In the following I’m going to briefly describe / advertise the core idea and provide specific examples for practical application of the software. Hopefully, I manage to still attract your attention for the parts that follow. Those are rather long and go into detail of how things are supposed to work and look like in the finished product. There might also be technical issues involved, so be warned. ;)
Finally, please keep in mind that I write about all ideas that have crossed my mind although they may still not fit perfectly to each other. Feel free to drop me a line if you have questions or suggestions.
Introduction
In the very essence, the idea of Cloudia is to share data – among your devices (your PC, laptop / netbook, eBook reader, cellphone et cetera) and among your contacts latter of which play an important role. “Data” is intentionally broadly phrased because Cloudia doesn’t limit you to share just contact information, pictures and videos like most social networks do. “Data” is rather an arbitrary file plus semantic meta information (author, license, links to other data / files; music album title, people one can see on the picture, …) which you can easily publish just for own purposes (that is for using it on another device) or for the whole world. There’s no steep learning curve involved here – you’re just one click away from showing your friends last Saturday night’s pictures. Both sides – total privacy on the one and total transparency on the other hand – can be accomplished equally easily.
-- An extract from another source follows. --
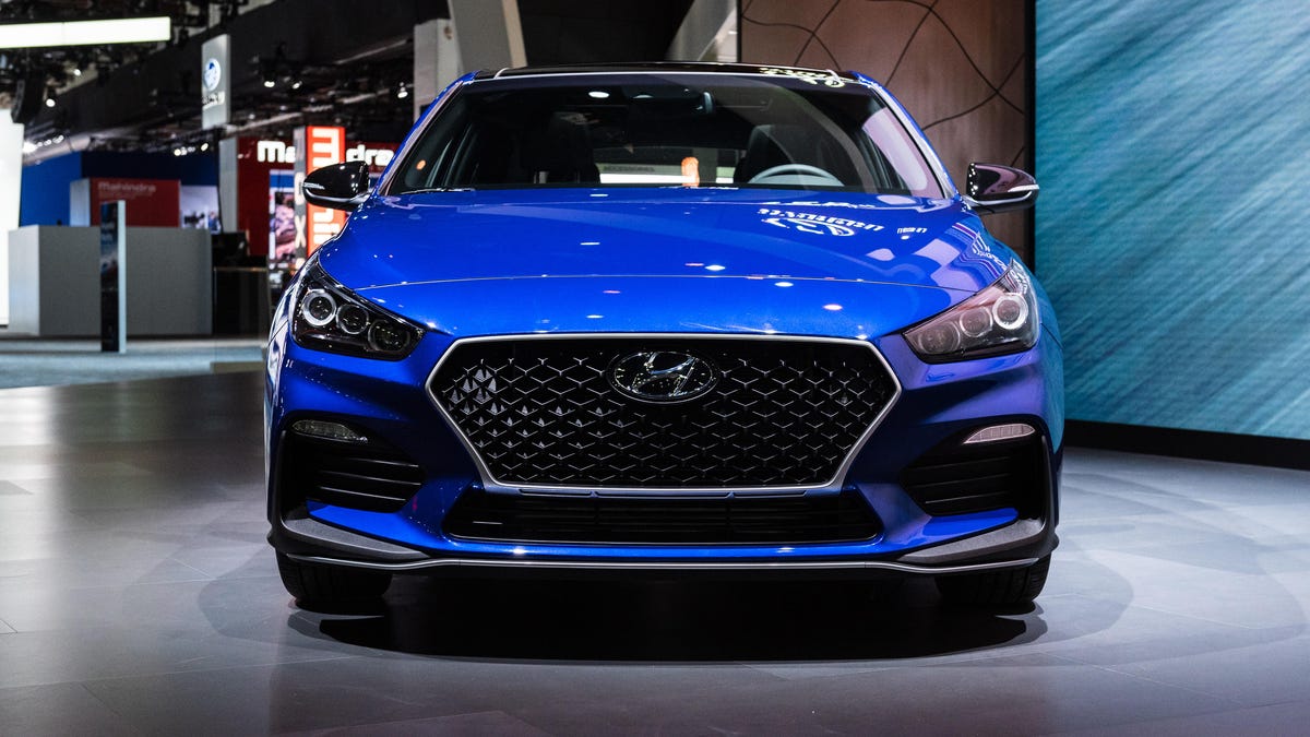 Hyundai borrowed a good deal of this car's upgrades from the European-spec i30 N. There's a more aggressive front spoiler, a grille specific to this trim, loads of N Line badges, black side mirrors and 18-inch wheels. Out back, there's a different rear bumper. Manual-transmission variants also get Michelin Pilot Sport 4 summer tires wrapped around those alloys.

Just as the many clouds in the sky would suggest, Cloudia is built in a decentral way to protect your privacy. You can freely choose a provider that fits to you and you feel secure with. This is a notable difference to “clouds” administered by a single company (Google, Amazon, Facebook, …) which require you to trust the national privacy law they are subject to. Instead, you can pick a company that is located in your home country. Nevertheless, you still have access then to the whole network with all users on all carriers. Those help you make your data available and store it in the cloud (i.e. online) and also retrieve it from that place.
As already mentioned, contacts play an important role. You do not just make your data available to them but they can also decide to subscribe to you and be informed as soon as there’s something new. Furthermore, you can also choose to have them collaborating with you on certain files.
Practical examples
The first and most obvious application probably is the creation of a distributed, secure social network. You store your contacts in the cloud and, on the other hand, give your contact information to them. Exchange messages, share files with them and go look for new virtual friends.
Now, imagine a micro-blogging service on Cloudia: You just frequently publish your status as a new file of type “status” and as soon as your contacts have subscribed to this file type they will receive every new status. Though, you may again choose to make some statuses only available for some people or just yourself (as kind of a personal diary).
If you like writing articles and have a personal blog to publish them on, you might be interested in this one: Wordpress and similar blogging software becomes an application for Cloudia which allows you to publish articles (files of type “article”) in the cloud whereas your website uses the Cloudia API to retrieve them from there and finally display them to the user. RSS wouldn’t be necessary anymore because people could just subscribe to your Cloudia account. Also, you could use Cloudia to publish your texts on more than one site, e.g. your personal blog and an online magazine you’re writing for.
If you’re rather into collaboration with others on a text, a software or something similar, you could use Cloudia as a revision control system.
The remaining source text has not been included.